Stephen Downes (July 1 2006)
I re-discovered the above quote on a one of my seminar slides made back in 2006 while thinking about this podcast episode and blog post. Profound stuff and it was in fact 2004, when I received an unexpected email from someone who subsequently became a good friend and colleague meeting face-to-face 1.5 years later, after regular weekly Skype chats and collaborative projects together. Dr Randall Kindley from Minnesota USA introduced me to what we called then Scenario-Based Learning (SBL), Situational Learning (SL), Simulations, eSims, Role Plays and Games. This was all describing a methodology now becoming of age, which is often called Immersive Learning (IL).
The interest and energy around the campus was building steadily fueled by our work with Sheila Kavanagh OAM, a colleague and awarded burns nurse for her help in the 2002 Bali Bombings Disaster. Together we built an early example of immersive learning called the “Disaster Down Under” to help if such a tragedy ever happened again. In 2005 Randall visited Adelaide for a series of seminars and workshops. I can remember vividly how much trouble we had trying to find software to serve the need for what is called branching. IL works by presenting a learning with the 3C’s Challenges, Choices and Consequences Back then the only affordable way we could find handling branching was Moodle and that was in its early stages. Everyone realized the potential of IL but as learning designers/educators it was a challenge to support the methodology with interactive learning modules or software managed processes.
We were devastated in 2006 when we heard Randall had a massive heart attack without notice and had died – educational research lost a pioneering thought leader. However his legacy has lived on in Adelaide and he would be thrilled at knowing that today the technology has caught up to the pedagogical needs and it is a new day for IL.
In this blog entry I have listed the available links to the work of Randall and it wont take you long to realize how far ahead of the wave his thinking was – spend some time listening and reading … your teaching may never be the same again.
In 2007 while on a trip to the USA I was introduced to a software product called Simwriter. It was in its early development as well so I have been tracking it’s progress ever since. Late in 2012 I received from NexLearn the publishers, notification about an exciting new development in IL. The Immersive Leaning University (ILU) was having a Conference and Symposium in San Antonio TX in Jan 2013. Thanks to some significant prize money from 2012, I was able to attend and it was really worth it. My passion for IL has been rekindled and now “we have the technology!”. I am now exploring, learning and developing with three major software offerings
Simwriter Simplicity , Articulate Storyline and the cloud based Zebrazapps In future episodes I will be unpacking this software and sharing insights. I am also excited to be able to talk to some of today’s pioneers in pushing IL forward and publishing them as episodes… stay tuned.
Please join me in this journey and share your examples of Immersive Learning and how it helped achieve outcomes in transformative education.

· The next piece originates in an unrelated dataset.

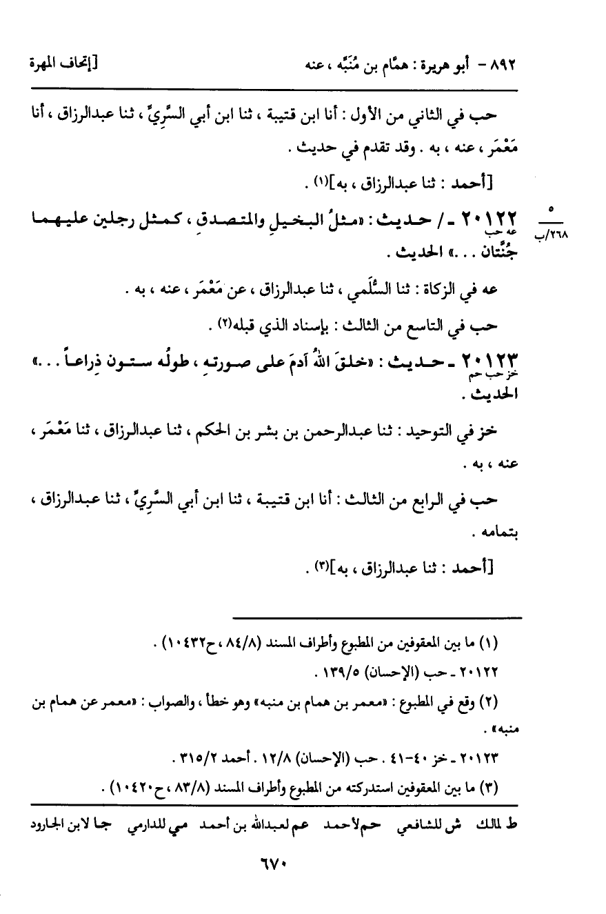 20123 - حديث (خز حب حم) : "خلقَ الله آدم على صورته، طولُه ستون ذراعاً ... " الحديث.

The Heritage of a Prophet: Dr Randall Kindley’s Legacy
- The New Instructional Design: Situational Learning. The complete presentation as published using the early Articulate Pro software in 2005
- Distaster Down Under Scenario-based Learning: Burns Nurse Planning experience published in 2005
- Journal Article: “The Power of Simulation-based e-Learning (SIMBeL)” (2002)
- Online Magazine Article: “Scenario-Based e-Learning (SBeL): A Step Beyond Traditional E-Learning We All Can Take” (2002)
- The Situational Learning Cycle: Foundation of Simulation Learning. “Part 1: Identifying and Combining Appropriate Learning Technologies” (2003)
Immersive Learning Today: Tools and Resources
If you consider the “Continuum of Shift” applied to learning management systems, at one end you have a content-centric tool like Blackboard, then you find Moodle in the middle, and at the other, activity-centric, end you have LAMS (Learning Activity Management System), which is being used for interactive learning sequences and constructivist design in teaching. “LAMS is not really a LMS as such, it integrates with both Moodle and Blackboard and provides teachers with a highly intuitive visual authoring environment for creating sequences of learning activities. These activities can include a range of individual tasks, small group work and whole class activities based on both content and collaboration” (LAMS website). I believe this is the most useful tool for developing strong pedagogy in learning design, Higher Education has available. And when I tell people in workshops “it is Learning Design, not for dummies, but time strapped academics”, I usually have their attention.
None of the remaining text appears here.